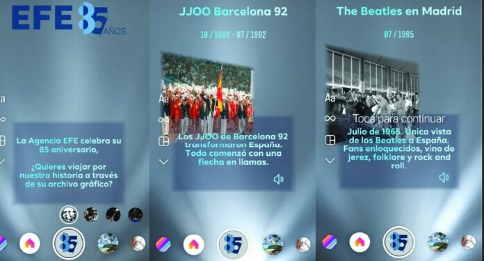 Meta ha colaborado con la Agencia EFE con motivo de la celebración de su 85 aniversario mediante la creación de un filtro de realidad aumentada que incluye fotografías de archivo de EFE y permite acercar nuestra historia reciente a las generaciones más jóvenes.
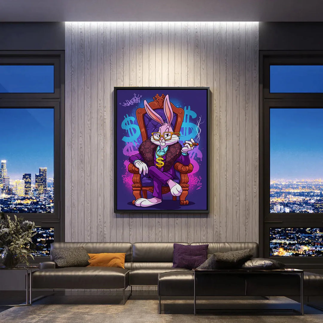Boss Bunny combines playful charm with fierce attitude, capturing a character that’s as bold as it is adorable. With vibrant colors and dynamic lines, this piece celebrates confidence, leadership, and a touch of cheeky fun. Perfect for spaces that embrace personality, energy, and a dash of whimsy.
======
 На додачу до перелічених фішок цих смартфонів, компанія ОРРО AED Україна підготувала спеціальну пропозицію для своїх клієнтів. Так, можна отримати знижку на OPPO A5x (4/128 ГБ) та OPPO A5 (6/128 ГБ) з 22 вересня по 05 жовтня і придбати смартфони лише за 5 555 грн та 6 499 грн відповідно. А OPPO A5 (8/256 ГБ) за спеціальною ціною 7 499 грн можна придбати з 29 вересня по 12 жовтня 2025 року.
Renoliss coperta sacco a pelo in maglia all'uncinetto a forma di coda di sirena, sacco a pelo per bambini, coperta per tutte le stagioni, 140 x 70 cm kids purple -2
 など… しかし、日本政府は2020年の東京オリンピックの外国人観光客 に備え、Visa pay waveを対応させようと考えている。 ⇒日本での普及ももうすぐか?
======
- [EXERCISE OBJECTIVE]:
Transcribe the records above from the line holding "На додачу до" down to the line holding "など… しかし、日本政府は2020年の東京オリンピックの外国人観光客 に備え、Visa", inclusive, without adding anything.

- [RESPONSE FOR THIS EXERCISE]:
 На додачу до перелічених фішок цих смартфонів, компанія ОРРО AED Україна підготувала спеціальну пропозицію для своїх клієнтів. Так, можна отримати знижку на OPPO A5x (4/128 ГБ) та OPPO A5 (6/128 ГБ) з 22 вересня по 05 жовтня і придбати смартфони лише за 5 555 грн та 6 499 грн відповідно. А OPPO A5 (8/256 ГБ) за спеціальною ціною 7 499 грн можна придбати з 29 вересня по 12 жовтня 2025 року.
Renoliss coperta sacco a pelo in maglia all'uncinetto a forma di coda di sirena, sacco a pelo per bambini, coperta per tutte le stagioni, 140 x 70 cm kids purple -2
 など… しかし、日本政府は2020年の東京オリンピックの外国人観光客 に備え、Visa pay waveを対応させようと考えている。 ⇒日本での普及ももうすぐか?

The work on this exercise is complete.